Thursday, January 15, 2009

Maddow, Herbert, Website Urge US to Get Afghanistan Right



Meet the new boss, same as the old boss. I can’t believe I just had to type that, but when it comes to US policymakers vis-à-vis America’s war footing, the Obama Administration is looking all too ready to embrace the melodic cynicism of Pete Townsend.

Rachel Maddow began a Tuesday segment on Afghanistan by reporting with a degree of disbelief that Bush appointee Lt. General Douglas E. Lute would stay on as Barack Obama’s War Czar (officially the Assistant to the President and Deputy National Security Advisor for Iraq and Afghanistan). Add Lute to a team that already includes Bush warriors Robert Gates and David Petraeus, along with a new Secretary of State that has a few authorization for military force votes under her belt, and one might be inclined to start checking one's pockets for missing change.

Take, for example, a front-page article from yesterday’s Washington Post reporting that the incoming president plans to sign off on a Pentagon plan to send an additional 30,000 US troops into Afghanistan. This “plan,” says WaPo, is designed to “help buy enough time for the new administration to reappraise the entire Afghanistan war effort and develop a comprehensive new strategy for what Obama has called the ‘central front on terror.’”

Escalate the conflict while you think about what to do. . . isn’t that the kind of “shoot first, ask questions later” approach voters rejected just ten august weeks ago?

Some folks have a different idea: How about we ask those questions first? One group of such people have put together Get Afghanistan Right, a campaign and affiliated website that opposes the escalation and calls for an informed discussion of alternative, non-military strategies to end the conflict and stabilize the region. (Full disclosure: I know many of the people working on GAR, and was an early supporter of their efforts.) Maddow gave getafghanistanright.com a nice plug in her Tuesday broadcast.

Another prominent voice asking the Obama Administration not to deepen the quagmire is New York Times columnist Bob Herbert. “Get out of it as quickly as you can,” says Herbert.

Herbert draws a comparison with an incoming Kennedy administration escalating US involvement in Vietnam while it tried to define its strategy.

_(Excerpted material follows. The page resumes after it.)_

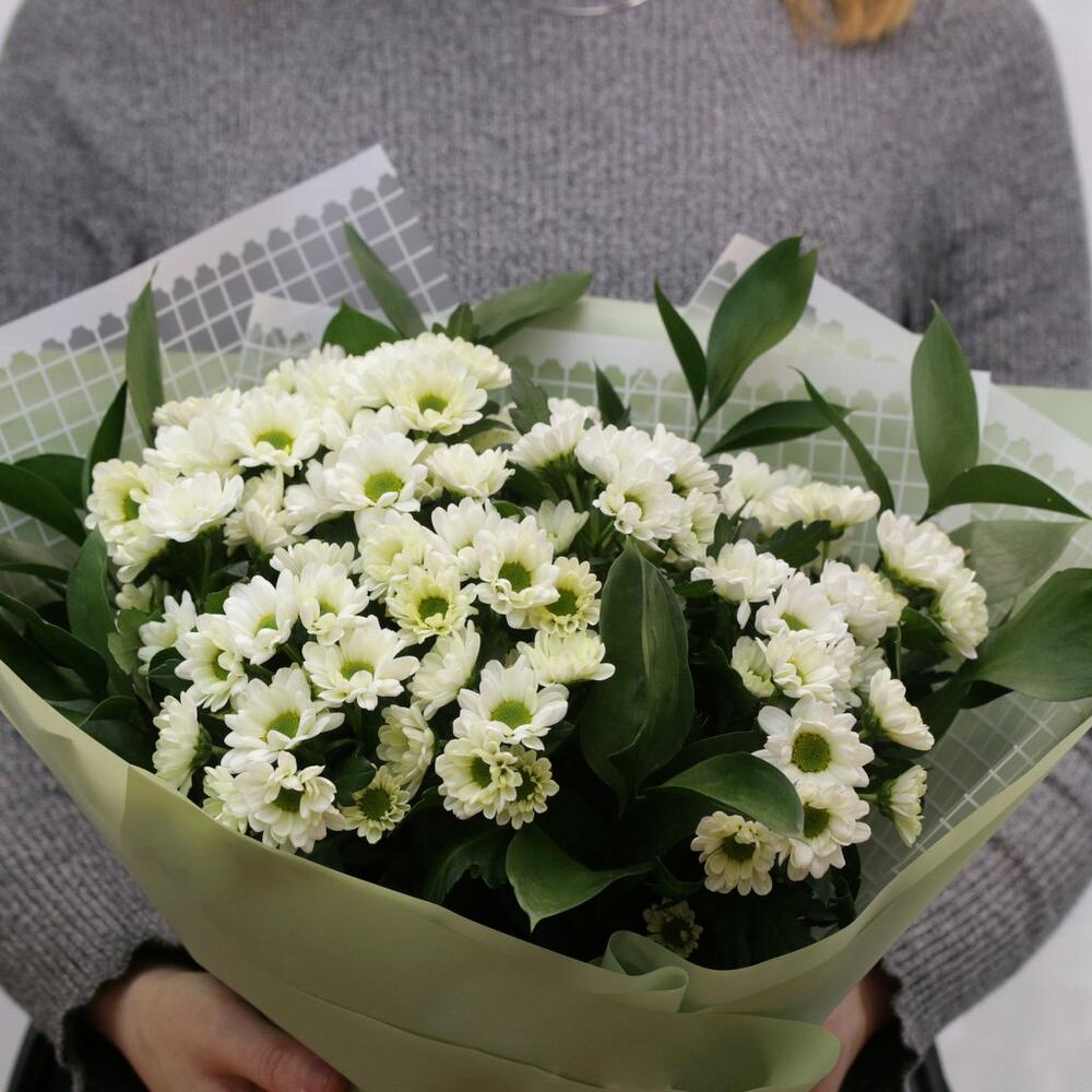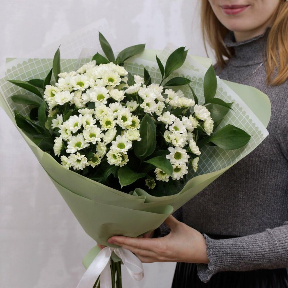 Букет из 11 белых кустовых хризантем Сантини с зеленью
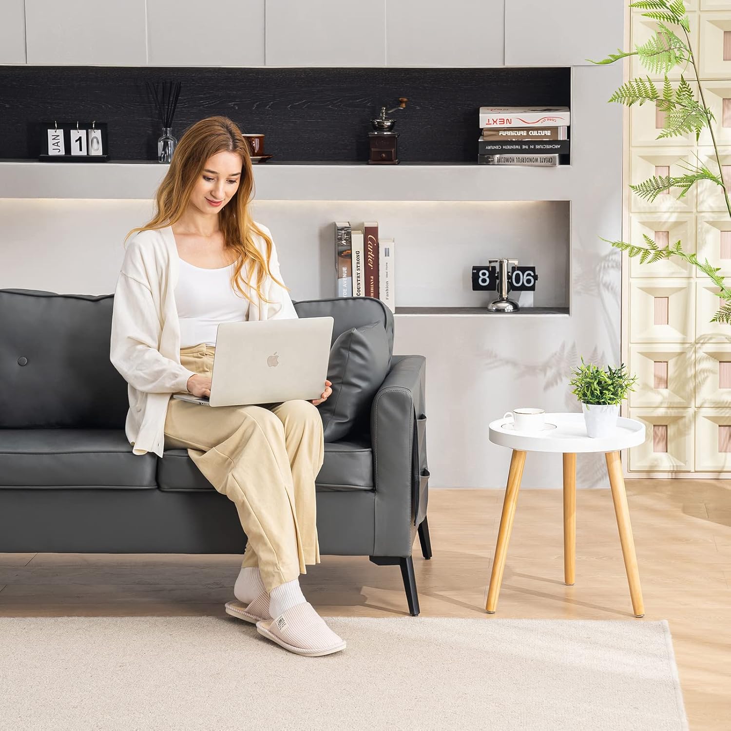 - 【STURDY SIDE TABLE】-The table top and legs of this round side table are connected by thick solid wood blocks,which prevent the tabletop from bulging due to excessive installation force. The legs of the coffee end table have a triangular structure which is very stable.

Herbert, Maddow, and the writers and activists at Get Afghanistan Right want some questions answered by the soon-to-be president before any more treasure is expended in the Afghani conflict; as I see it, they go something like this:

  • What are the goals of US involvement?
  • What is the main objective of the military strategy?
  • What would “victory” look like, and what allows US troops to leave?
  • How will we pay for an escalation in Afghanistan?
  • What diplomatic and non-military aid initiatives will the US pursue in the immediate future?
  • What role does Pakistan (and other surrounding nations) play in this conflict and its solution?
  • What kind of permanent presence in Afghanistan does the Obama Administration envision, and how does that benefit America and the region?
  • What is the plan for de-escalating the US military presence?

Without answering those questions—both internally and publicly—Obama’s posture on Afghanistan fails to make the transition from campaign rhetoric to presidential leadership. It is up to a President Obama to do more than escalate while he thinks about what to do next; he has to make the case for his defense policy—he owes it to the troops, he owes it to the country, and, not least, he owes it to himself.

Only in that explanation, that teaching moment, the answers to the questions asked above will Americans have any hope to believe we, uh, won’t get fooled again.